[Opening Collected data section]

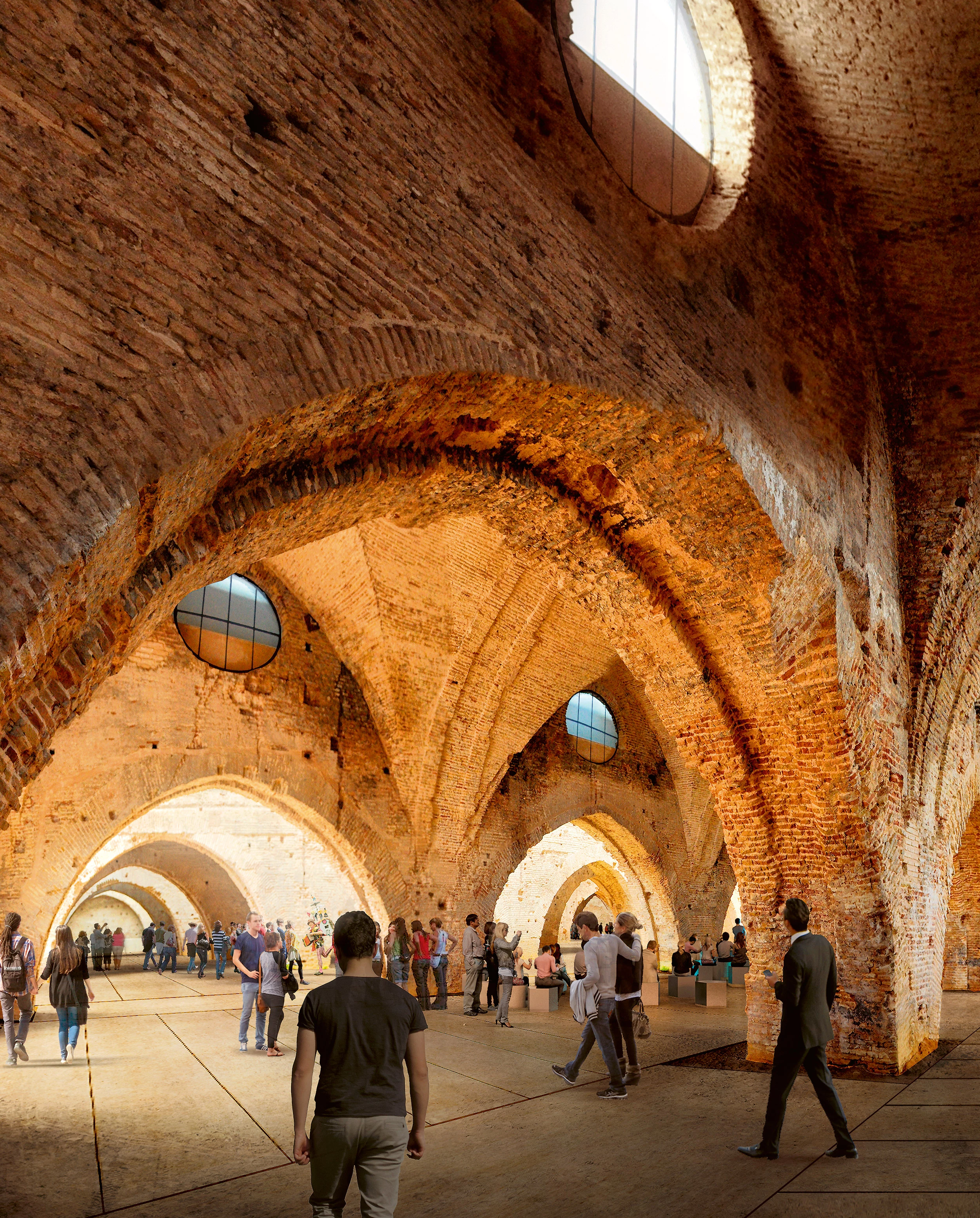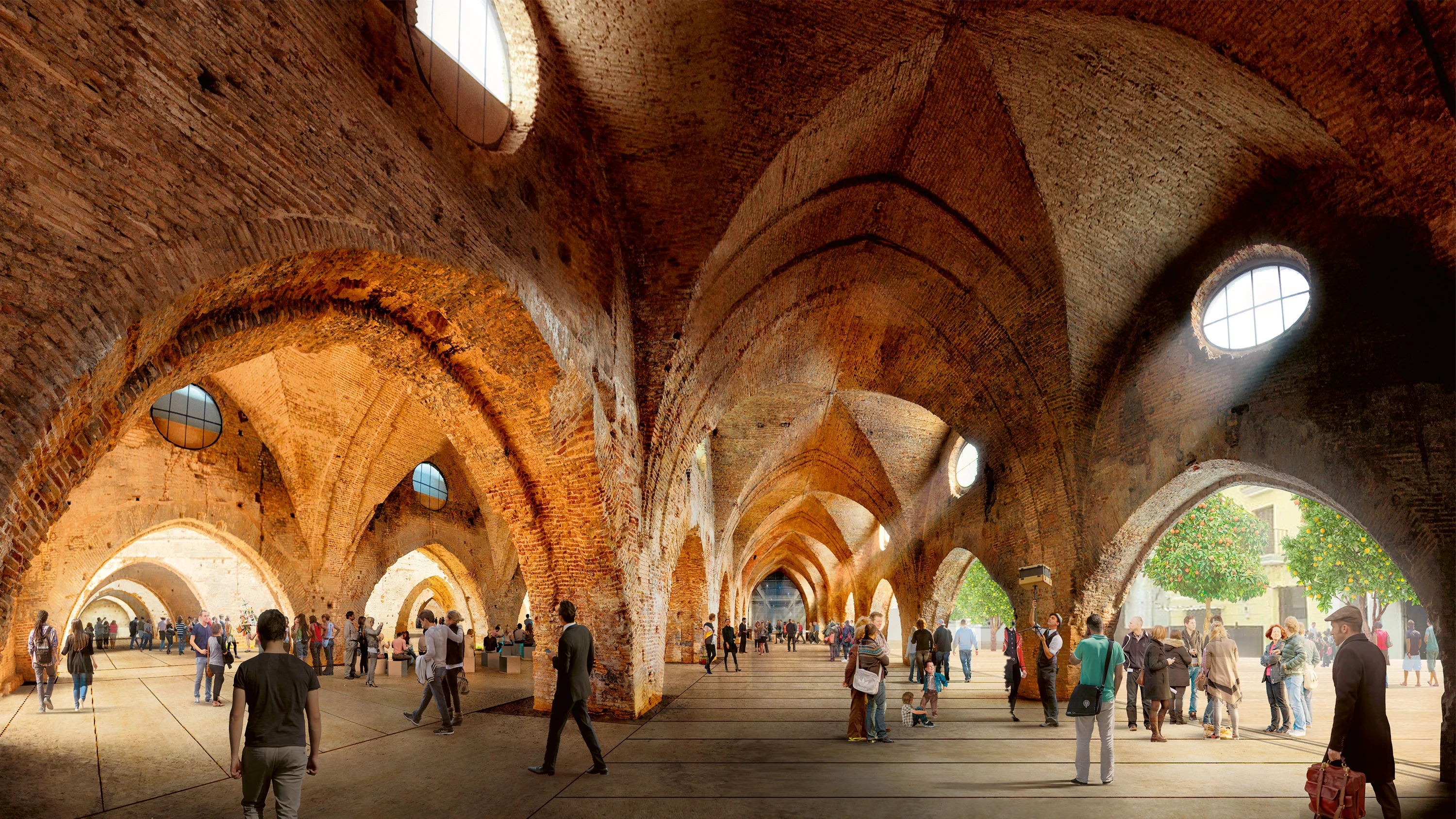 La propuesta transforma las Reales Atarazanas de Sevilla, un conjunto del siglo XIII de 7.200 m² y formado por 17 naves, en un espacio público de interacción social y cultural en el corazón de la ciudad, abierto a través del acceso por la calle Dos de Mayo...[+]
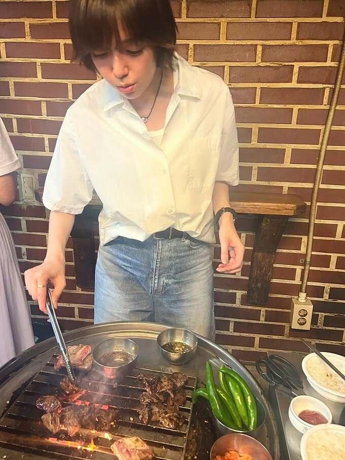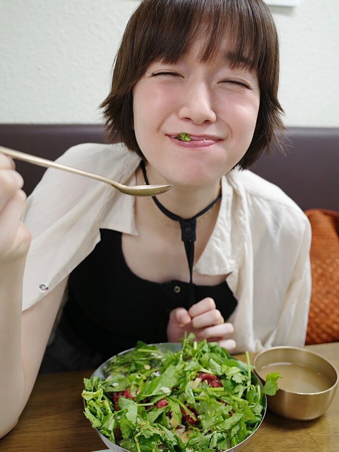 佐藤さんは焼肉店で、「旅っていいね韓国って美味しいね ただ、焼肉屋さんのお母さんにこの唐辛子はピーマンみたいな感じだから辛くないよと教えてもらって張り切ってかじったら ちゃんと辛くて口から火が出たのでそれだけは、気をつけてね」とフォロワーに向けて注意を促しています。
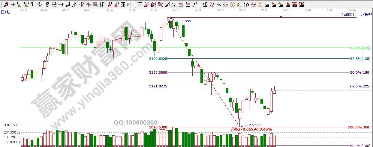 ★依據贏家江恩理論系統江恩波段百分比線提示:周五,滬指沖高回落,短期如收復3121點,第一目標是3155點,第二目標是3190點附近。
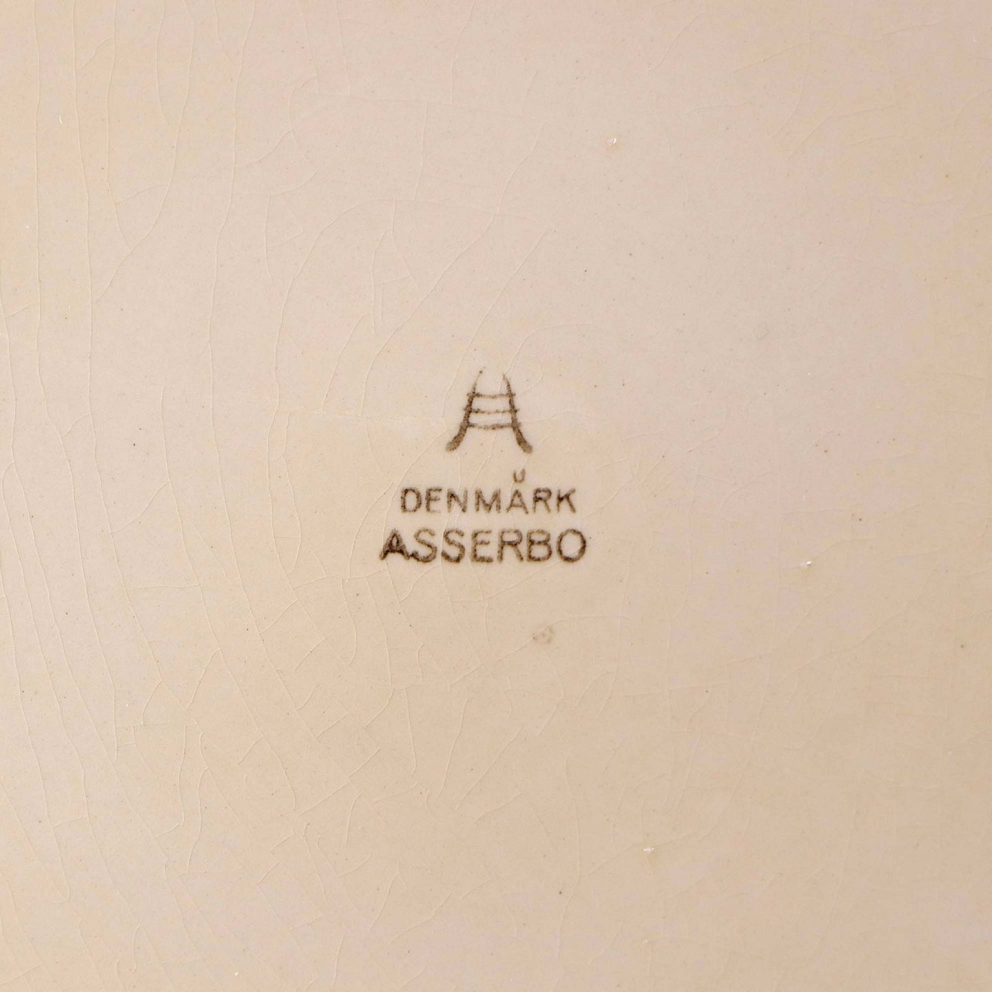 Stort rundt serveringsfad i fajance fra stellet Asserbo fremstillet i perioden 1933-1965

[Closing Collected data section]

> **Goal of the exercise**
Everything in the listing, except its images, should be set down exactly.

> **Reply to the exercise**
 La propuesta transforma las Reales Atarazanas de Sevilla, un conjunto del siglo XIII de 7.200 m² y formado por 17 naves, en un espacio público de interacción social y cultural en el corazón de la ciudad, abierto a través del acceso por la calle Dos de Mayo...[+]
 佐藤さんは焼肉店で、「旅っていいね韓国って美味しいね ただ、焼肉屋さんのお母さんにこの唐辛子はピーマンみたいな感じだから辛くないよと教えてもらって張り切ってかじったら ちゃんと辛くて口から火が出たのでそれだけは、気をつけてね」とフォロワーに向けて注意を促しています。
 ★依據贏家江恩理論系統江恩波段百分比線提示:周五,滬指沖高回落,短期如收復3121點,第一目標是3155點,第二目標是3190點附近。
 Stort rundt serveringsfad i fajance fra stellet Asserbo fremstillet i perioden 1933-1965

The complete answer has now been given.